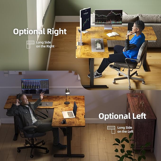 - Flexible L-Shaped Design: This l shaped standing desk offers versatile installation options, allowing you to choose between left or right installation based on your personal preference. It seamlessly fits into any room, whether it’s an office, study, or living room. The L-shape not only saves space but also creates a clean, organized, and stylish workspace.
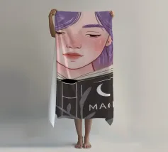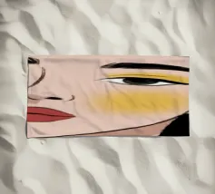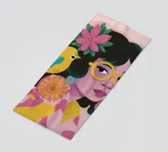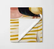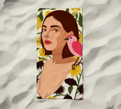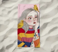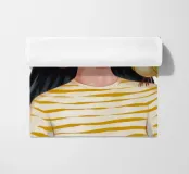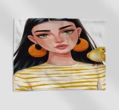 Questo dipinto ritrae una persona che indossa una camicia a righe gialle e bianche con grandi orecchini arancioni. Un piccolo uccello è appollaiato sulla spalla della persona, aggiungendo un elemento affascinante alla composizione.
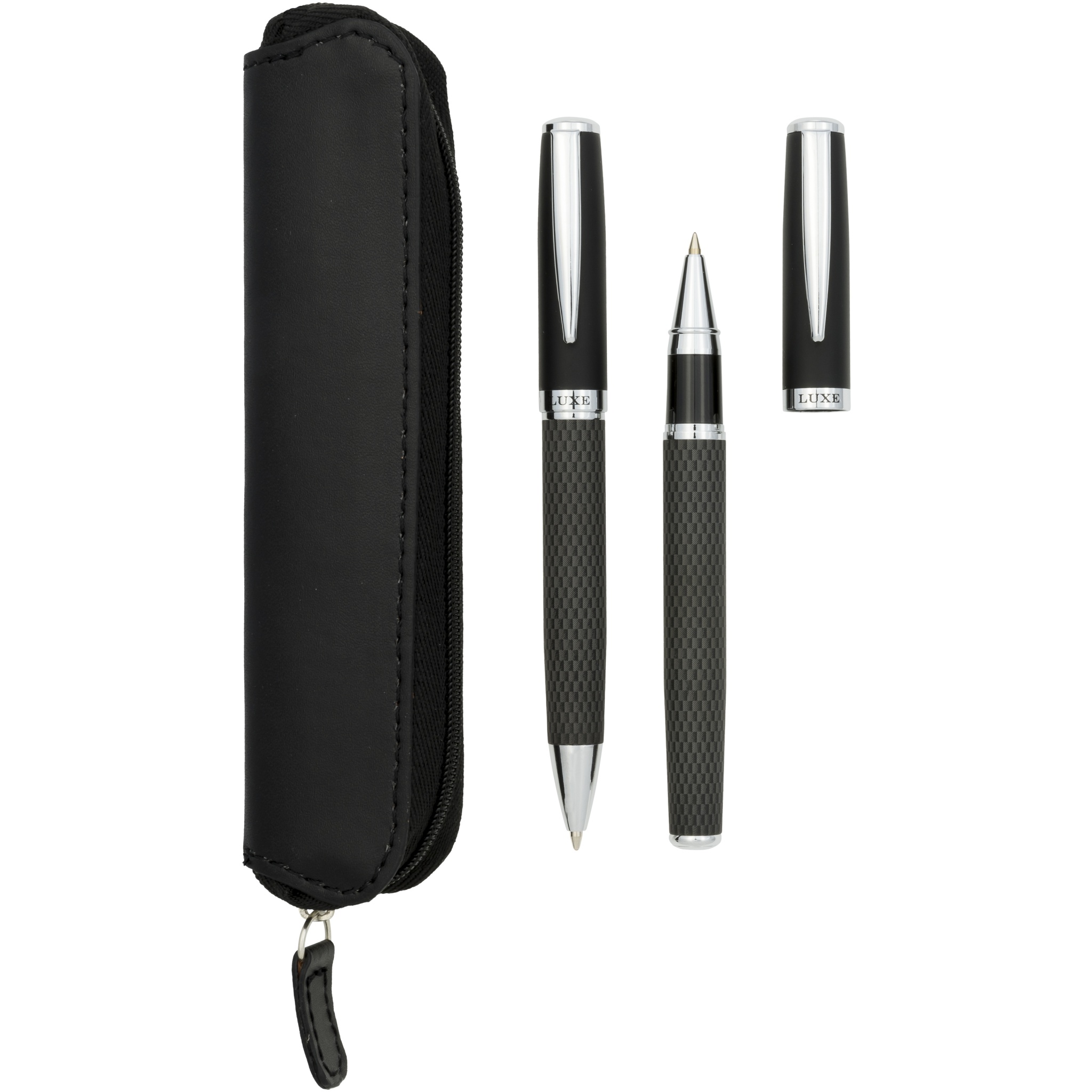 For a subtly different take on black, this exclusively designed pair of ballpoint and rollerball pens is finished in printed carbon fiber. Including quality protective pouch, packed in ''LUXE'' gift box.
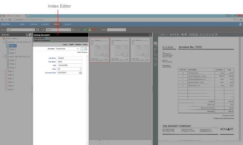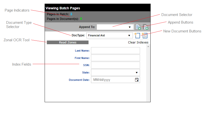 The Index Editor Controls are used to create new documents, add or edit existing document index values, and append batch pages to an existing document. Index fields may have additional properties as defined by an administrator that restrict entry to

* * * * * * *

* _WHAT YOU ARE ASKED TO DO_
Set down exactly the lines above, from the line containing "Questo dipinto ritrae" through the line containing "For a subtly". Skip the pictures.

* _EXERCISE ANSWER_
 Questo dipinto ritrae una persona che indossa una camicia a righe gialle e bianche con grandi orecchini arancioni. Un piccolo uccello è appollaiato sulla spalla della persona, aggiungendo un elemento affascinante alla composizione.
 For a subtly different take on black, this exclusively designed pair of ballpoint and rollerball pens is finished in printed carbon fiber. Including quality protective pouch, packed in ''LUXE'' gift box.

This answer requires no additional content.